I recently read an interesting article from Manus about how they develop their agents and manage their memory. You can use techniques such as summarizing previous context or using a file system to store important context. I believe this will be key to increasing performance on the ARC AGI 3 benchmark.

Training dataset

Another primary reason frontier models are unable to complete ARC AGI 3 tasks successfully is that the tasks are very different from their training dataset. LLMs will almost always perform way better on a task if such a task (or a similar one) is included in the training dataset. In this instance, I believe LLMs have little training data on working with games, for example. Furthermore, an important point here is also the agentic training data for the LLMs.

With agentic training data, I mean data where the LLM is utilizing tools and performing actions. I believe we are seeing a rapid increase in LLMs used as agents, and thus, the proportional amount of training data for agentic behavior is rapidly increasing. However, it might be that current frontier models still are not as good at performing such actions, though it will likely increase rapidly in the coming months.

Some people will highlight how this proves LLMs do not have real intelligence: The whole point of intelligence (and the ARC AGI benchmark) is to be able to understand tasks without any clues, only by examining the environment. To some extent, I agree with this point, and I hope to see models perform better on ARC AGI because of increased model intelligence, and not because of benchmark chasing, a concept I explore later in this article.

Benchmark performance in the future

In the future, I believe we will see vast improvements in model performance on ARC AGI 3. Mostly because I think you can create AI agents that are fine-tuned for agentic performance, and that optimally utilize their memory. I believe relatively cheap improvements can be used to vastly improve performance, though I also expect more expensive improvements (for example, the release of GPT-5) will perform well on this benchmark.

Benchmark chasing

I think it’s important to leave a section about benchmark chasing. Benchmark chasing is the concept of LLM providers chasing optimal scores on benchmarks, rather than simply creating the best or most intelligent LLMs. This is a problem because the correlation between benchmark performance and LLM intelligence is not 100%.

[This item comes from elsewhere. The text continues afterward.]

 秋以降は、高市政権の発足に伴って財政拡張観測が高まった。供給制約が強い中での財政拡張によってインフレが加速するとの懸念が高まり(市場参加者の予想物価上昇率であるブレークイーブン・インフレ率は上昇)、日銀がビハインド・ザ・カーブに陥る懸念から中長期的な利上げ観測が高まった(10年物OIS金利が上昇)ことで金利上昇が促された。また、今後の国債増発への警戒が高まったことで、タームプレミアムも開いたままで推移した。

In the reinforcement learning world, benchmark chasing would be referred to as reward hacking. A scenario where the agent figures out a way to hack the environment they’re in to achieve a reward, without properly performing a task.

The reason LLM providers do this is that whenever a new model is released, people usually look at two things:

• Benchmark performance
• Vibe

Benchmark performance is usually measured on known benchmarks, such as SWE-bench and ARC AGI. Vibe testing is also a way LLMs are often measured by the public (I’m not saying it’s a good way of testing the model, I’m simply saying it happens in practice). The problem with this, however, is that I believe it’s quite simple to impress people with the vibe of a model, because vibe checking tries some very small percentage of the action space for the LLM. You may only be asking it certain questions which are available on the web, or asking it to program an application which the model has already seen 1000 instances of in its training data.

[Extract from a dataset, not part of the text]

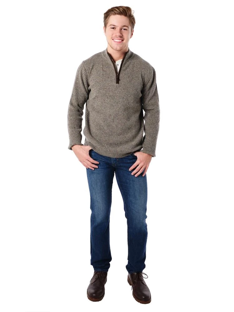 Stay warm and cozy in the 100% Merino Wool Saint Bernard Ribbed Zip Mock Sweater

Thus, what you should do is to have a benchmark on your own, for example, an in-house dataset that has not been leaked to the internet. Then you can benchmark which LLM works best for your use case and prioritize using this LLM.

Conclusion

In this article, I have discussed LLM benchmarks and why they are important for comparing LLMs. I have introduced you to the newly released ARC AGI 3 benchmark. This benchmark is super interesting considering humans are easily able to complete some of the tasks, while frontier models score 0%. This thus represents a task where human intelligence still outperforms LLMs.

As we advance, I believe we will see rapid improvements in LLM performance on ARC AGI 3, though I hope this will not be the result of benchmark chasing, but rather the intelligence improvement of LLMs.